The success of the BEST investigative model is predicated on all BEST partner special agents and task force officers (TFO) working together in one location, recognizing and leveraging a threat-based risk-mitigating investigative task force model. The model leverages the distinct resources and abilities of all participating law enforcement partners, and the availability to designate partner law enforcement officers with Title 19 customs authorities. This has led to expanding the BEST investigative model to northern border and commercial seaport locations.
BEST Today
BEST special agents and TFOs investigate a wide range of criminal activity with a nexus to our land and sea borders, including drug trafficking, arms trafficking, human trafficking and smuggling, gangs, money laundering and bulk cash smuggling, child exploitation, maritime smuggling, illicit tunnels and commercial fraud.

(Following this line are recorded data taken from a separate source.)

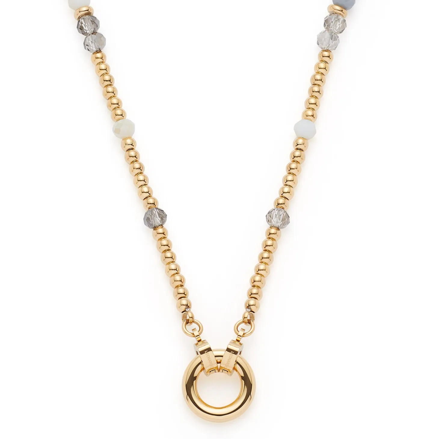 Die Halskette BERNIE vereint zeitlose Eleganz mit modernem Facettenreichtum. Goldene Kugeln und feine Glasschliffperlen in gebrochenem Weiß, mattem Grau und rauchig-transparenten Tönen schaffen ein stilvolles Farbspiel, das Deinen Look perfekt ergänzt. Zwei dezente Clips halten einen schlichten Ring, der Raum für individuelle Gestaltung bietet: Hänge einfach Deine liebsten Clip & Mix Anhänger ein und kreiere Deinen persönlichen Stil. Ob solo getragen oder in Kombination mit dem passenden Armband BERNIE – diese Kette passt sich jedem Anlass und Outfit flexibel an.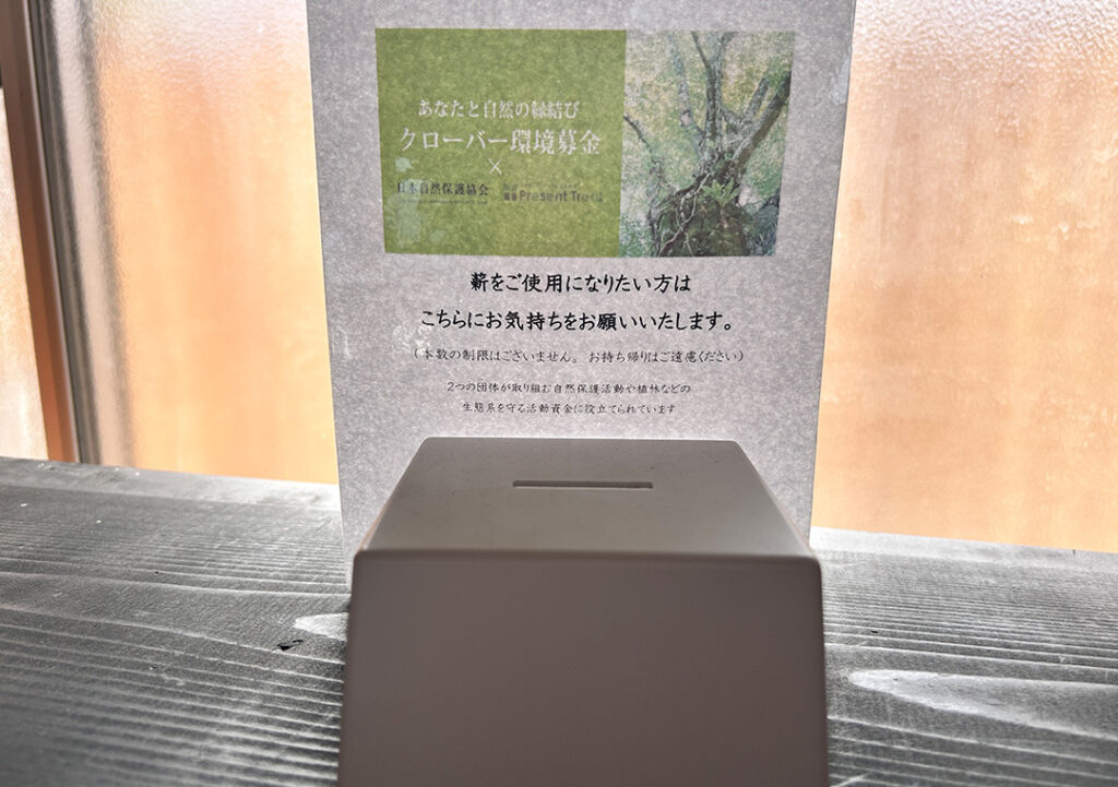 「お気持ち(500円ほど)」を募金箱に入れていただけると、この豊かな森を守る活動や、次の薪を準備するための大きな助けになります。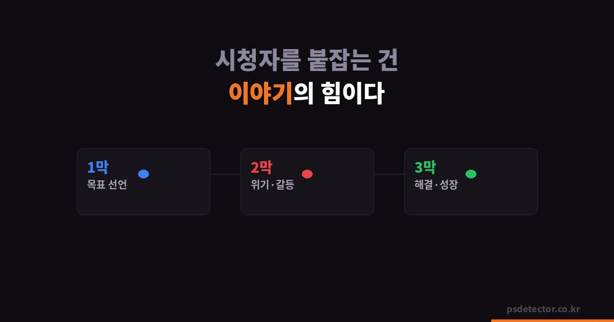 스토리텔링이라고 해서 소설을 쓰라는 이야기가 아닙니다. 방송에서의 스토리텔링은 시청자가 '그래서 어떻게 됐어?'라고 궁금해하게 만드는 것입니다. 궁금함이 있으면 시청자는 떠나지 않습니다.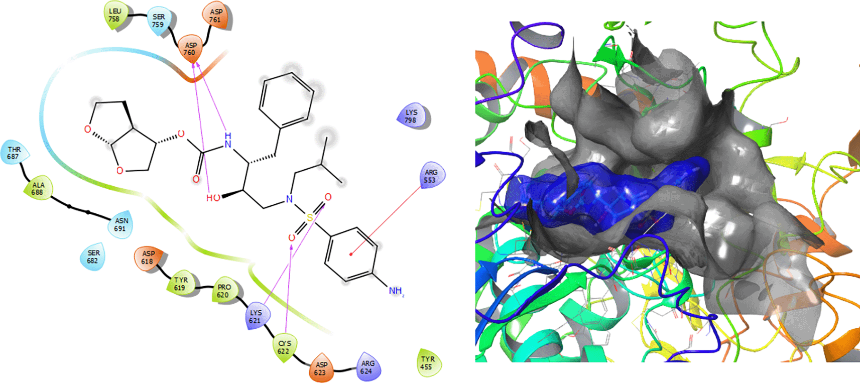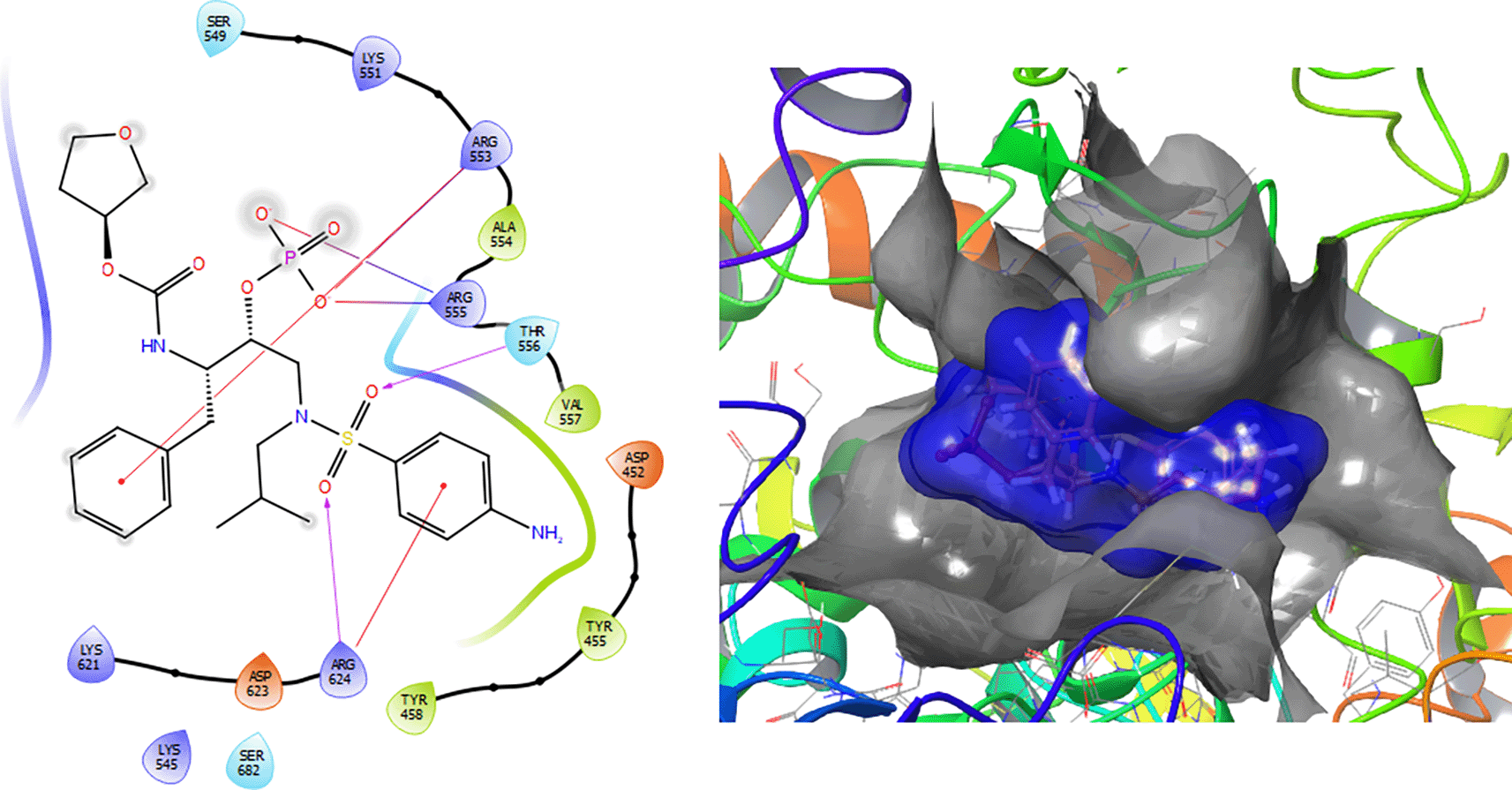 The Fosamprenavir compound has two a π–π stacking interactions with the residue ARG624 with a length of 1.62Å, another interaction with the residue ARG553 with a length of 1.82Å (see Figure 4). Also have a H-bond with a residue ARG553 with a length of 1.62Å, another H-bond with ARG624 with a length of 1.57Å and with the residue THR556 with a length of 1.61Å.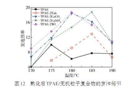 圖12展示了4種TPAE/無機(jī)粒子泡沫熟化后的發(fā)泡倍率隨溫度變化的情況。結(jié)果表明,相較于純TPAE,4種復(fù)合物泡沫的最終發(fā)泡倍率均有所增加,其中TPAE/CaCO3、TPAE/CaSiO3及TPAE/WI顯著提升。已知影響發(fā)泡倍率的主要因素有發(fā)泡劑的溶解度和聚合物的流變性能。由于無機(jī)粒子的添加量較少,基本不會影響CO2在復(fù)合物中的溶解度及流變性能。因此TPAE/無機(jī)粒子復(fù)合物的初始發(fā)泡倍率與純TPAE基本一致,但無機(jī)粒子的添加會促進(jìn)TPAE形成開孔結(jié)構(gòu),尤其是CaCO3、CaSiO3以及WI可使TPAE形成高開孔率的泡沫,減小了泡沫的收縮,使得完全熟化后的發(fā)泡倍率遠(yuǎn)高于TPAE,大大提高了TPAE的發(fā)泡性能。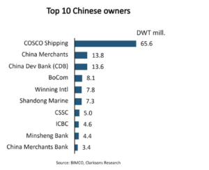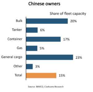 Gli armatori cinesi controllano una quota minore di navi cisterna e gasiere, ma gestiscono una quota maggiore di merci generali e flotte di container, con COSCO Shipping che contribuisce alla quota maggiore della flotta di container.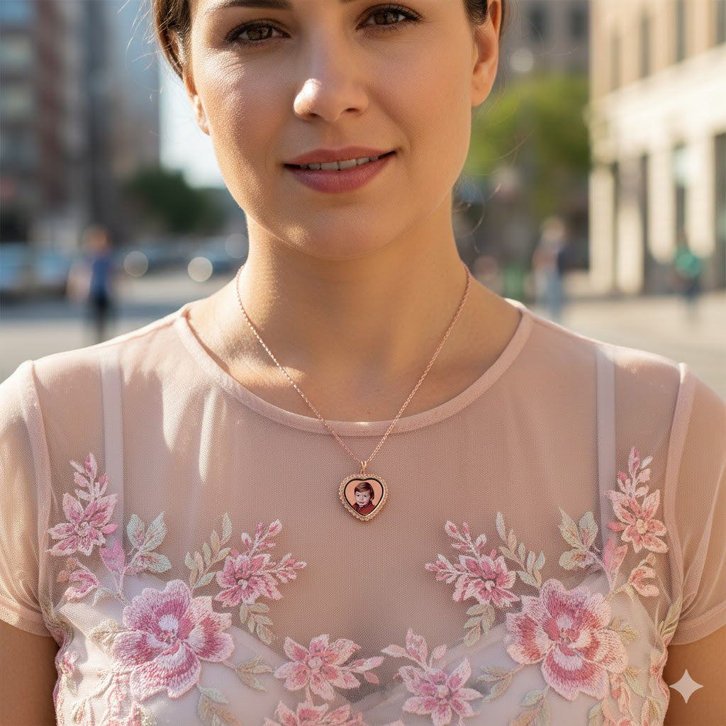 Personalized Photo Heart Locket Necklace | Waterproof, HD Laser Image, Mineral Crystal Memorial Necklace

BESTs are located along the northern and southwest land borders, major seaports, and international airports from Hawaii to Puerto Rico. Current BESTs comprise nearly 1,000 members representing more than 100 federal, state, local, tribal and international law enforcement agencies that have jointly committed to investigate transnational criminal activity and enhancing border security.
Jaime Zapata BEST Act
In December 2012, President Barack Obama signed into law the Jaime Zapata Border Enforcement Security Task Force Act. The law was named in memory of Jaime Zapata, an HSI special agent assigned to a BEST who was killed on duty in Mexico. This law amends the Homeland Security Act of 2002 to formally establish the BEST program and authorizes the Secretary of Homeland Security to direct the assignment of federal personnel to the program, as well as take other actions to aid federal, state, local and tribal law enforcement agencies in participating in such task forces.
BEST Partners
BESTs incorporate personnel from:
- Department of Homeland Security (ICE HSI, ICE Enforcement and Removal Operations; CBP Offices of Field Operations, Border Patrol, and Air and Marine; U.S. Coast Guard and U.S. Secret Service);
- Department of Justice (Drug Enforcement Administration; Bureau of Alcohol Tobacco Firearms and Explosives; FBI and U.S. Attorney’s Offices);
- Department of Defense (Army Criminal Investigations Command, Defense Criminal Investigative Service, Naval Criminal Investigative Service and state National Guard units);
- Department of the Treasury (Internal Revenue Service’s Criminal Investigations);
- Other federal partners;
- More than 100 state, local and tribal law enforcement agencies; and
- International law enforcement agencies.